THE PENTAGON announced changes last week to the military tribunals that it has been trying to set up at the Guantanamo Bay naval base -- for years now -- to try terrorist suspects on war crimes charges. The tribunals, known as commissions, so far have been a total failure. Not a single detainee has been actually been put on trial. The system has been mired in litigation. There are serious problems of fairness and appropriate process for defendants who could face long prison terms or even the death penalty. The administration's changes improve the system in subtle but important ways, moving it closer to the system of courts-martial by which the military tries its own soldiers. But they don't entirely fix the problems.

The most substantial change in the new order separates the function of the commission's presiding officers from its other members. Under the previous order, all commission members functioned as both judge and jury. Under the new order, the presiding officer will function as the judge, responsible for rulings on matters of law -- though the other members of the commission could still override a decision concerning whether to admit certain evidence. The other commission members would decide guilt and sentencing, decisions in which the presiding officer would not participate. In addition, the order tightens a bit the right of the accused to be present at trial, subject to the need to protect classified information -- a largely symbolic change. And more important, it requires that if any material is withheld from the accused because of national security concerns and a reasonable summary cannot be provided, that material must be excluded from trial if its admission as evidence would preclude a fair trial.

Important differences remain between the commissions and true courts-martial, differences that leave the commissions wanting. The commissions still lack any direct appeal to the federal court system, which is a significant flaw. Their rules of evidence are more relaxed as well. But the more the commissions come to resemble courts-martial, the less sense it makes for the military to create a justice system from scratch rather than using the one it already has -- in which Americans and the international community have high confidence.

The administration's explanations on this point are increasingly less persuasive as time goes on. Al Qaeda operatives, officials note, did not fight according to the laws of war and, as a consequence, are not entitled to the privileges of honorable soldiers -- one of which is trial before court-martial. This is true enough. But is it really worth years of delay and litigation in order to bring defendants to trial under conditions whose fairness many people will doubt? The military also argues that commissions afford the government certain flexibility with respect to classified information and security that could not be easily handled in a court-martial. Again, that's true, but if Congress were to get involved and authorize courts-martial for accused terrorists, it could tinker with the model for these highly specialized circumstances.
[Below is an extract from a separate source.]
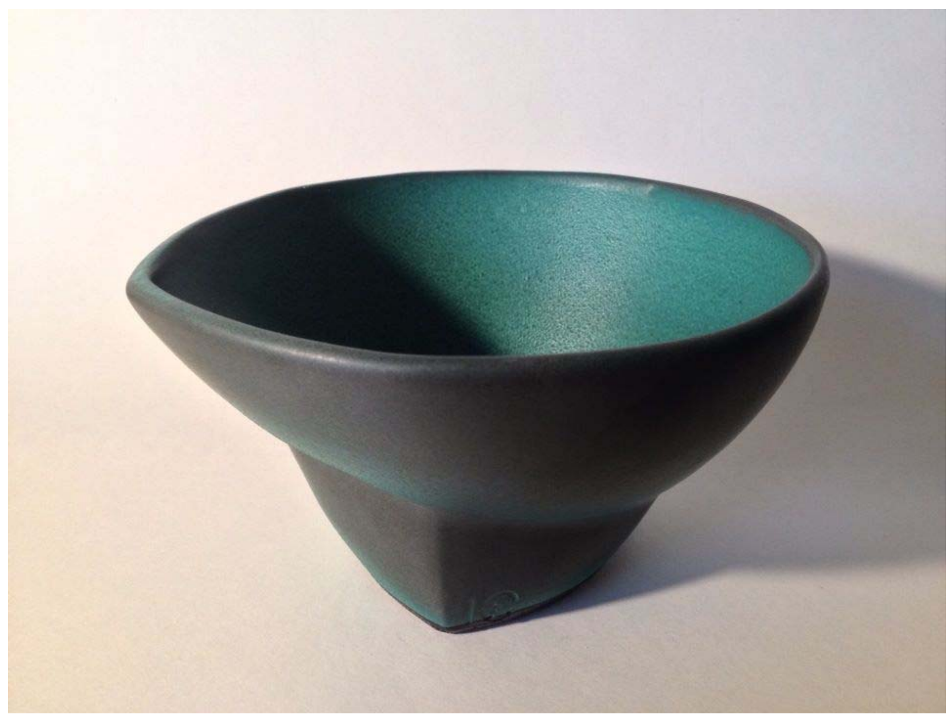
Figure 10: Bowl.

At this stage, the critical matter is for fair rules to be clearly written in law. While the commissions are getting better, they still constitute a system in which the executive branch writes the rules (and rewrites them in midstream if need be), carries out the trials, hears the appeals and executes the sentences without input from the other two branches. Even if the commissions were perfectly designed -- and they still are far from that -- this would not be the best way to bring accused terrorists to trial.